DH and I have one child, aged 8 months, who is the first grandchild on both sides of the family. My parents live in the area and have met her several times, all before lockdown. (My parents are both 70 and self-isolating by choice for the foreseeable future).
DH’s parents (both aged 70) live in Eastern Europe in a country that has thankfully been relatively unscathed by the virus so far. They were unable to visit us in May as planned due to the ongoing situation.
Unfortunately, I have been unwell with the increasingly recognised ‘long tail’ form of COVID-19 since early March. I was unable to access a positive test at that stage and was not hospitalised. However, my GP is fairly sure that I have had it and has promised to let me know as soon as an NHS antibody test becomes available for patients such as myself. I am still not ‘well’ as I continue to suffer mild breathlessness, headaches and fatigue.

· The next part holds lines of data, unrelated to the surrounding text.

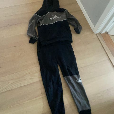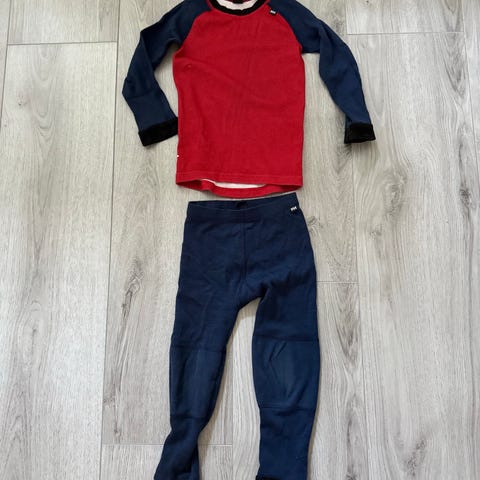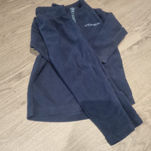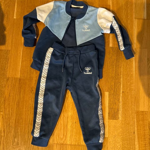Hummelsett med langermet genser og bukse i størrelse 86. Sett i to farger, blå og beige, med elastisk linning i buksen og ribbekanter. Passer til hverdagsbruk eller lek inne og ute☀️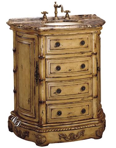 Bronze finish that matches traditional vanity sinks, shown at left.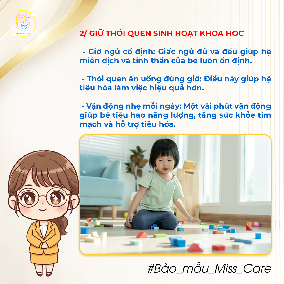 - Giờ ngủ cố định: Giấc ngủ đủ và đều giúp hệ miễn dịch và tinh thần của bé luôn ổn định.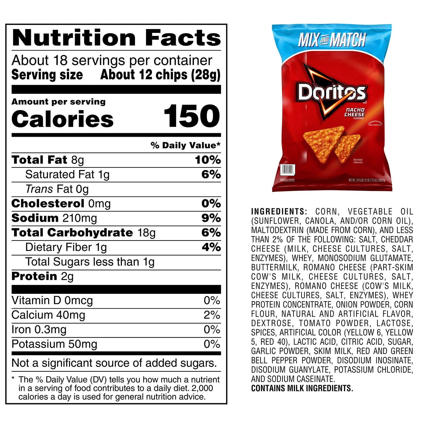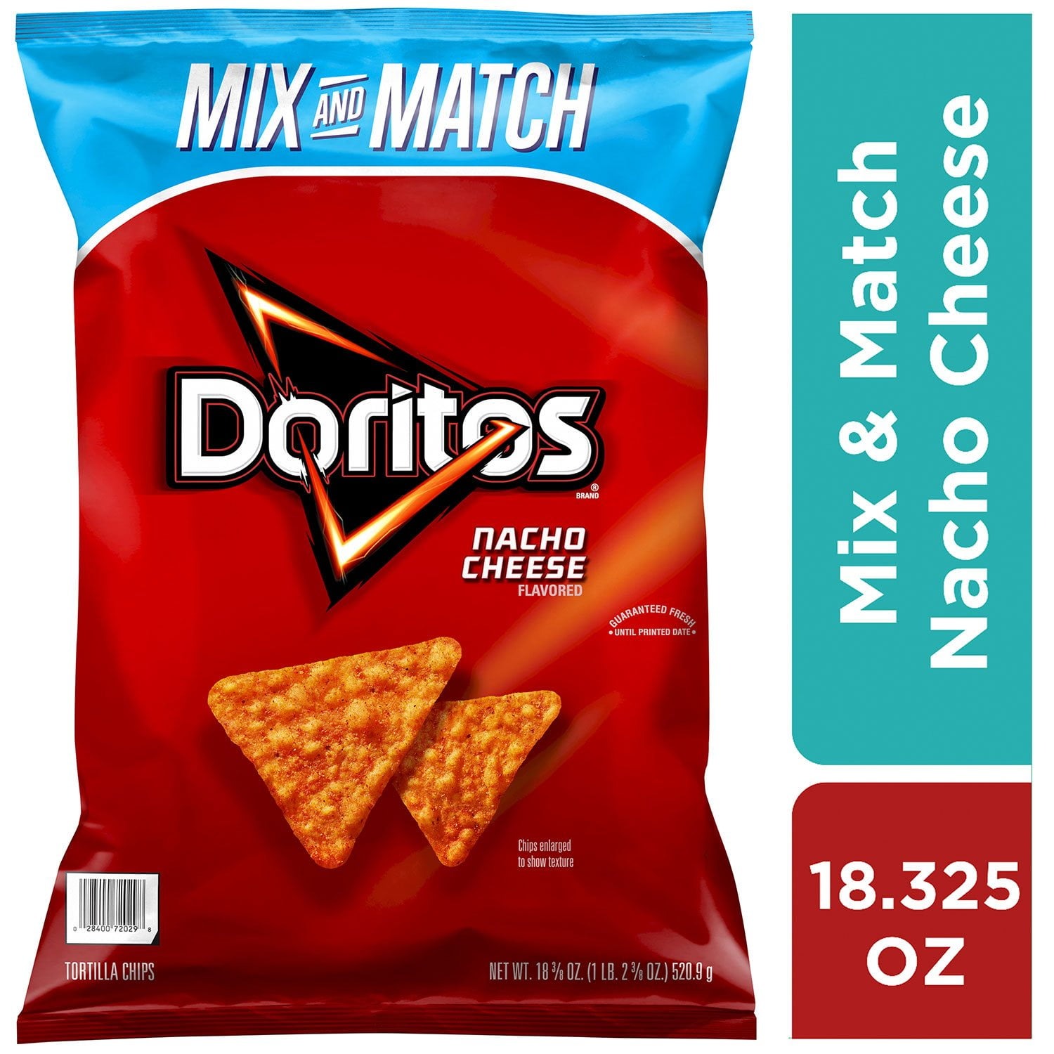 Seasoned with the irresistible flavor of nacho cheese, DORITOS Nacho Cheese chips are a snack-time favorite. Enjoy the satisfying crunch, distinctive triangular shape, and bold taste that delights your palate and satisfies your hunger. Reach for a bag of DORITOS Nacho Cheese Tortilla Chips for your next party, or whenever you're in the mood for a truly delicious snack.

DH and I have had airline tickets booked for many months to visit PIL from September to October for DD’s 1st birthday. We have agreed that if quarantine restrictions remain in place at that point then there is no point in us going. However, even if quarantine and other lockdown restrictions are lifted to some extent before then, I feel very anxious about travelling. This is because:
- I fear reinfection, particularly whilst travelling, and in turn infecting others
-right now, I can only do about 1500 steps a day and would need a wheelchair to get through an airport
-a further issue could be measles outbreaks which are predicted later in the year in Europe - DD will not be 12 months until October and so we would be unable to have her jabs until after our return. If there is any evidence of the predicted outbreak/s in Europe then I would definitely not want to travel.

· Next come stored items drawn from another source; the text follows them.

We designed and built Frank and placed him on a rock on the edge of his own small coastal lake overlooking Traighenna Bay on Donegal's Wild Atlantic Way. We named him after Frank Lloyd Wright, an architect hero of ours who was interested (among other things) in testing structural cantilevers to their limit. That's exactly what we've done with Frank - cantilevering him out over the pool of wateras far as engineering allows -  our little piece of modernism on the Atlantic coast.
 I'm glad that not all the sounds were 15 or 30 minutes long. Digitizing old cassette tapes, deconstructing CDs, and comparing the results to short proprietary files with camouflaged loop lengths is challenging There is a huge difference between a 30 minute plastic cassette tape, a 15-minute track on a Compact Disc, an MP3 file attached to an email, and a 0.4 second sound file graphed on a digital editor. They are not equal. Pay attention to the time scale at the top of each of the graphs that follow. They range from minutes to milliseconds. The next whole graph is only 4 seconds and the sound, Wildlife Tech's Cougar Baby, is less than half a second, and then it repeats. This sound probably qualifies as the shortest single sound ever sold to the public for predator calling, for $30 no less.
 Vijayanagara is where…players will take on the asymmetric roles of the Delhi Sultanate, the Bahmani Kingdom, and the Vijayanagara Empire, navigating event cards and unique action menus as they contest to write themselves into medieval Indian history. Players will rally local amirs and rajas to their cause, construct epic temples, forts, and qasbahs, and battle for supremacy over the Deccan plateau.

MIL hasn’t been told of my illness as she is anxious about the situation already and DH and FIL feel it would worry her unnecessarily. MIL does not have any medical conditions but fears not surviving the winter due to the coronavirus and DH believes that if we do not visit PIL before then, they (particularly MIL) will want to visit us here.
I completely understand MIL’s fears, particularly having been in some very dark places myself with this illness. However, my feeling is that PIL would be much safer staying put - we could then postpone any travel until next year when hopefully things will be safer. There is the fact that they are adults and can make their own decisions BUT there is also the fact that they could pick up an infection while travelling and bring it back to us, so it’s not as simple as ‘at their own risk’... On the other hand, I understand their desire to meet DD.
As for the prospect of me, DH and DD travelling to them, I will feel very anxious to engage in air travel myself, for all the reasons above.
Should mention that DD is breastfed (we have no plans to change this) so DH would be unable to travel alone with DD.
I’m sure I can’t be alone in this type of situation, so would be grateful for your thoughts.... WWYD?